Darren had touched down on Ganymede to begin repairs. He allowed his historical landing to give a slight pump to his ego before thought-opening the panel at the bottom of the AG emitter dome which hid a button that opened the fighter’s access doors. He could see the softball-size hole where Scorch’s slug had punched through. Motors inside the Dragonstar’s fuselage popped open the port and starboard access doors and angled them back over both wings, exposing the fighter’s guts.

‘The primary sub-router on the third power relay is severed.’ This one supplied power to the warp generator’s main coil and the active-stealth and invisibility cloak.’

Darren stepped down and tip-toed across the portside coil, one of two cylindrical objects running the length of the inside fuselage that served as force field shock absorbers. Between the coil and the secondary AG-emitter transformer laid the primary sub-router and the power relay.

Instead of copper wiring, the Dragonstar’s electrical system used flexible hollow tubes ——sub-routers——filled with thick, super-conductive gel which changed its molecular structure when applied with a current to relay electricity. Like different gauges of copper wiring, the sub-routers also had dissimilar voltage and amperage ratings. Darren reached in and yanked out both damaged ends of the tube.

With no spares to replace the sub-router, he had to use the only other tube with the same amperage rating: the sub-router to the AMDS/laser-radar sensor. Darren had no choice but to unplug his Dragonstar’s eyes. He disconnected both ends of the electrical tube, plugged one end into the socket on the third power relay and the other into the vacant spot on the power plant socket board. He now had active-stealth, invisibility and warp generation back online.

‘Well, there it is. I have a blind dragon, but it can still fly and fight.’ Feelings of indestructibility and god-like swagger before the moonship battle had died away. Their Dragonstars were not invincible. And neither were they.

‘Are you done, Seymour?’

‘Affirmative. Running pre-flight now.’

‘How did the Vorvons get a Dragonstar?’ Jorge wondered. ‘What’s going on anyway?’
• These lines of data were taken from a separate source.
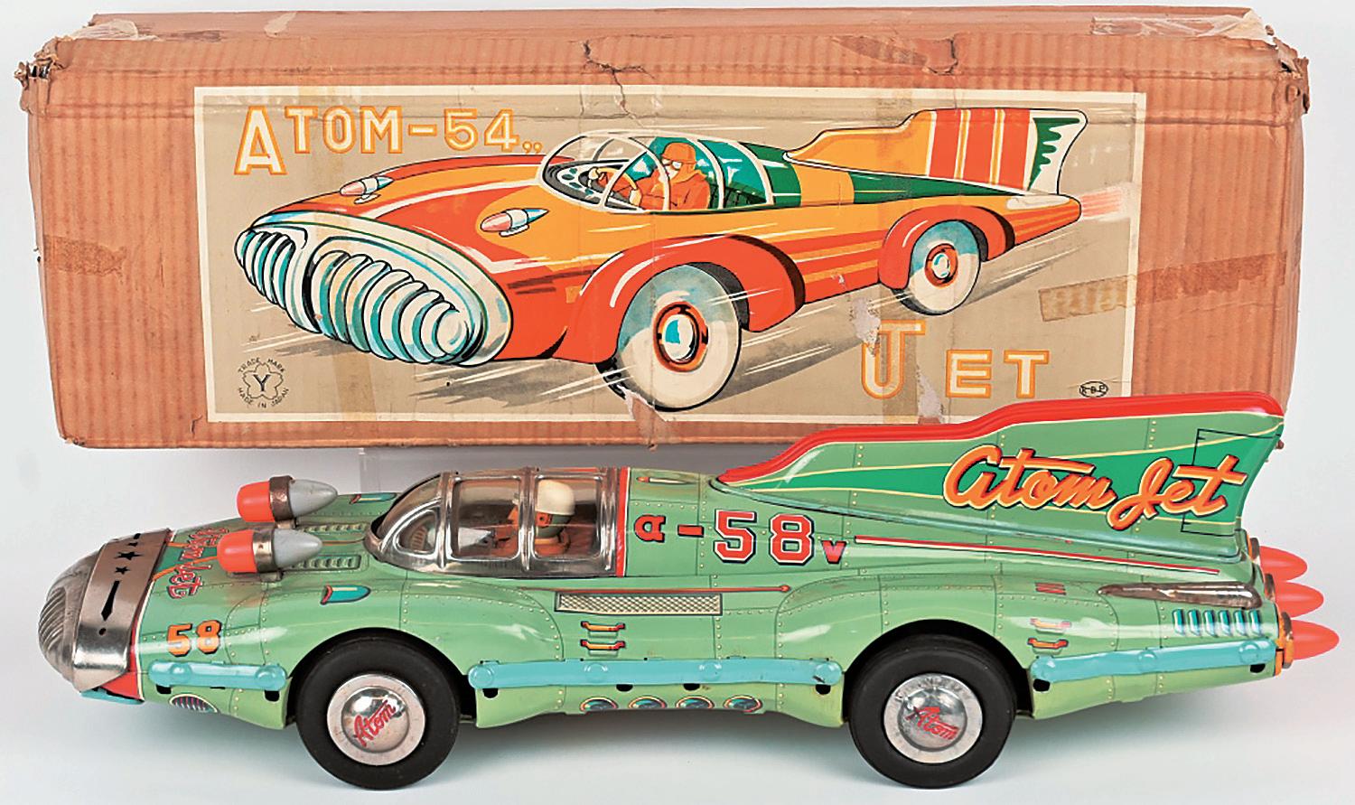 The grand marshal of the Japanese tin toy parade was a rare and coveted Yonezawa Atom Jet 58 Racer. Friction-powered and all original, including its tailfin, tires and hubcaps, the impressive 27-inch-long showstopper was offered complete with its original paper-label box.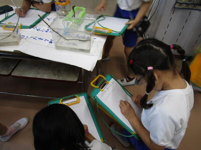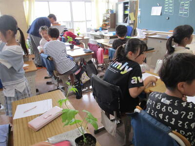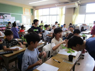 4年生、理科でツルレイシの苗を観察していました。観察を始めると、葉の枚数を数えたり、苗の大きさを定規を使って測ったりしていました。先生が「手触りやにおいも大事なポイントです」というと、触ったり、においをかいだりして「オクラの匂いだ」「ゴーヤの匂いだ」などつぶやいていました。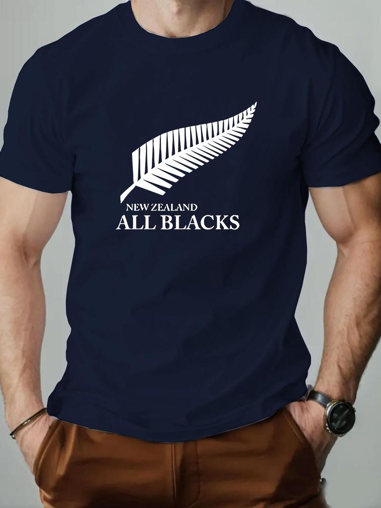 MenS 100 Cotton TShirt with New Zealand All Blacks Feather Design Casual Crew Neck Regular Fit Slight Stretch Knit Fabric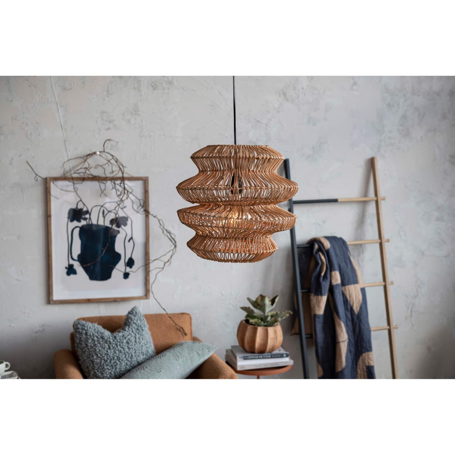 Hello Honey® 16" Boho Natural Woven Rattan Sculptural Pendant Light

‘The only thing I can think of,’ Darren said, ‘is that they captured one when they invaded Xrelmara. War booty.’

‘Yeah, but how many?’ Tony asked. ‘Hopefully just the one. He’s enough to handle.’

‘Scorch is quite the bad ass. He’s accurate as hell.’

‘Scorch?’

Darren grinned. ‘Just a nickname I gave him. He knows a lot more tricks than us, that’s for sure. He’s been flying and fighting a hell of a lot longer than us, too.’

‘How is he so accurate?’ Jorge asked.

‘Accurate?’ Nate interjected. ‘How come he just doesn’t plain kill you? He’s gotta toy with you like a cat does a mouse.’

‘Ego,’ Darren replied.

‘You think the Vorvons modified that Dragonstar somehow? You know, upgraded the performance. It just seems he can do shit we can’t.’

‘That’s a possibility, too,’ Darren said. ‘But I’ve come to the conclusion that he’s not as good as he thinks he is. He lets his emotions cloud his judgment. We can use that to our advantage if and when he comes at us stupid again.’

Darren’s Dragonstar finished the pre-flight and was ready for operations. Enough hair-raising adventures and death-defiance for one day. Time to go home.

As his Dragonstar lifted off Ganymede’s powdery surface, he caught movement on the corner of his eye. He turned but saw only Orion and bright Sirius to starboard and Jupiter to port. He looked behind him, to the right and left, but still nothing. A meteor, he figured.

A metal sphere cloaked within a blanket of active stealth slid beneath Darren’s Dragonstar and silently attached itself to the fuselage.